Records drawn from a dataset:

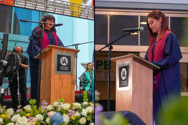 Mariam Ibarra Rojas, de Literatura, e Ivonne Morales Cornejo, de Creación Teatral, fueron junto a Edmundo Vélez Alcívar las graduadas con los mejores promedios, lo cual les hizo merecer el reconocimiento suma cum laude. Intervinieron en la primera y segunda ceremonia de graduación, respectivamente, el viernes 13 de diciembre en el Pasaje Illingworth del antiguo Palacio de la Gobernación, nuestra sede matriz.
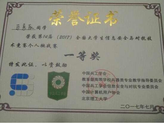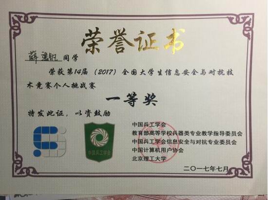 赢得了荣誉,如在成立之初的2016年,C1SEC即参加了第13届全国大学生信息安全与对抗技术竞赛(ISCC2016)和安徽省“蓝盾杯”信息安全攻防赛,并分别荣获二等奖。进入2017年以来,C1SEC更是在一系列大赛中斩获多项奖牌,为集体更是为p站
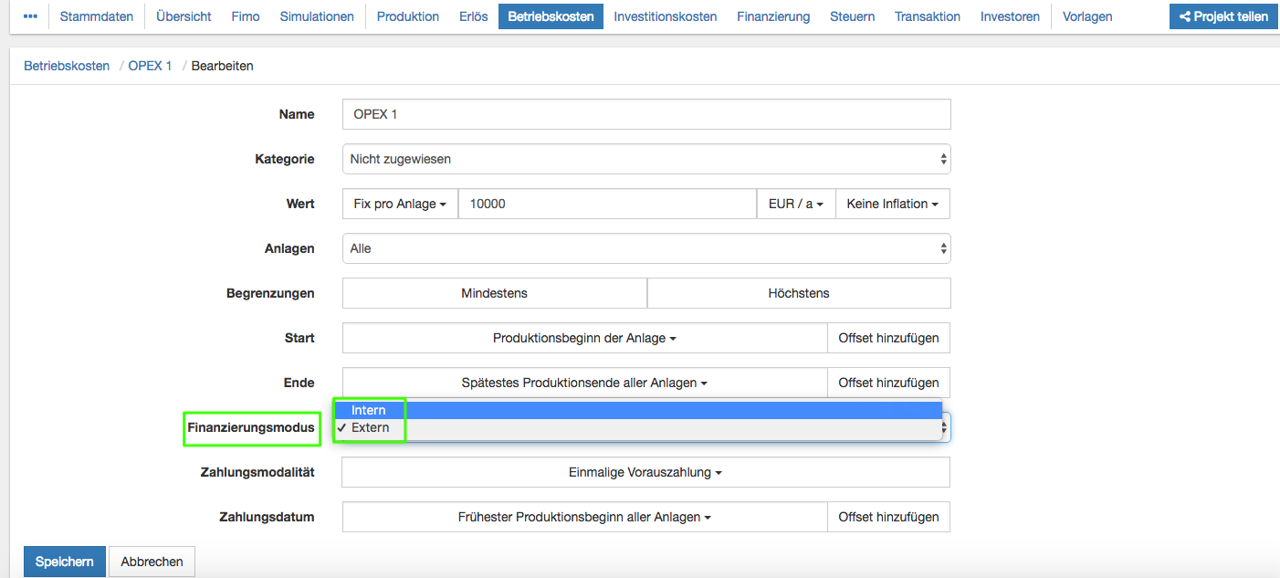Wenn Sie eine Betriebskostenposition bearbeiten, können Sie im Inputfeld "Finanzierungsmodus" zwischen "Intern" und "Extern" wählen.
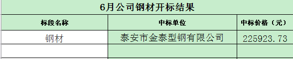 招标结果:山东省微山湖矿业集团6月(钢材)材料采购
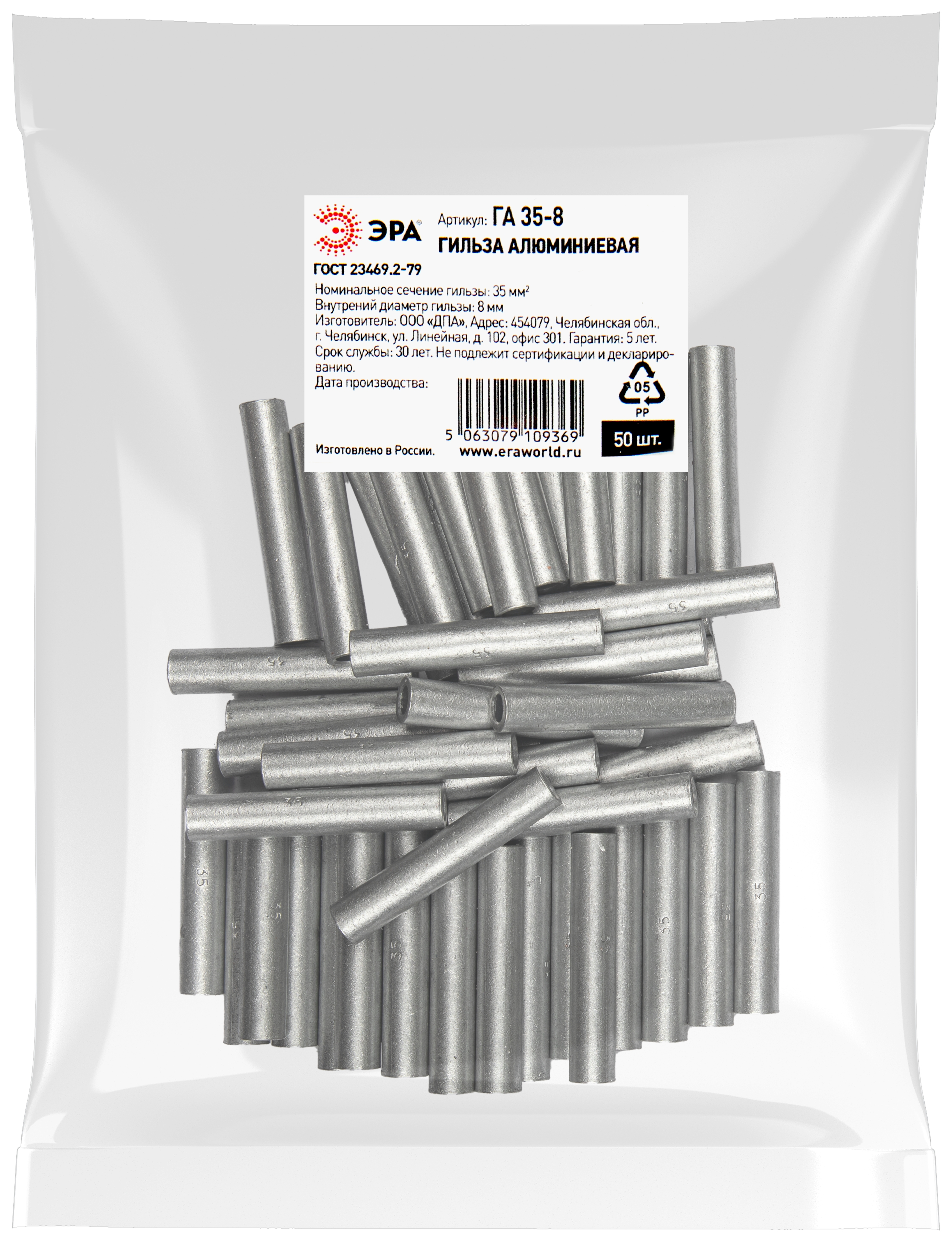 Гильза алюминиевая ЭРА ГА 35-8 используется для соединения алюминиевых жил проводов и кабелей с сечением до 35 мм² и применяется для кабелей напряжением до 35 кВ.

**Problem requirements**. Up to and including the line with "招标结果:山东省微山湖矿业集团6月(钢材)材料采购", repeat every line from the top of the entries exactly, but not the pictures.

**Solution to this exercise**.
 Mariam Ibarra Rojas, de Literatura, e Ivonne Morales Cornejo, de Creación Teatral, fueron junto a Edmundo Vélez Alcívar las graduadas con los mejores promedios, lo cual les hizo merecer el reconocimiento suma cum laude. Intervinieron en la primera y segunda ceremonia de graduación, respectivamente, el viernes 13 de diciembre en el Pasaje Illingworth del antiguo Palacio de la Gobernación, nuestra sede matriz.
 赢得了荣誉,如在成立之初的2016年,C1SEC即参加了第13届全国大学生信息安全与对抗技术竞赛(ISCC2016)和安徽省“蓝盾杯”信息安全攻防赛,并分别荣获二等奖。进入2017年以来,C1SEC更是在一系列大赛中斩获多项奖牌,为集体更是为p站
Wenn Sie eine Betriebskostenposition bearbeiten, können Sie im Inputfeld "Finanzierungsmodus" zwischen "Intern" und "Extern" wählen.
 招标结果:山东省微山湖矿业集团6月(钢材)材料采购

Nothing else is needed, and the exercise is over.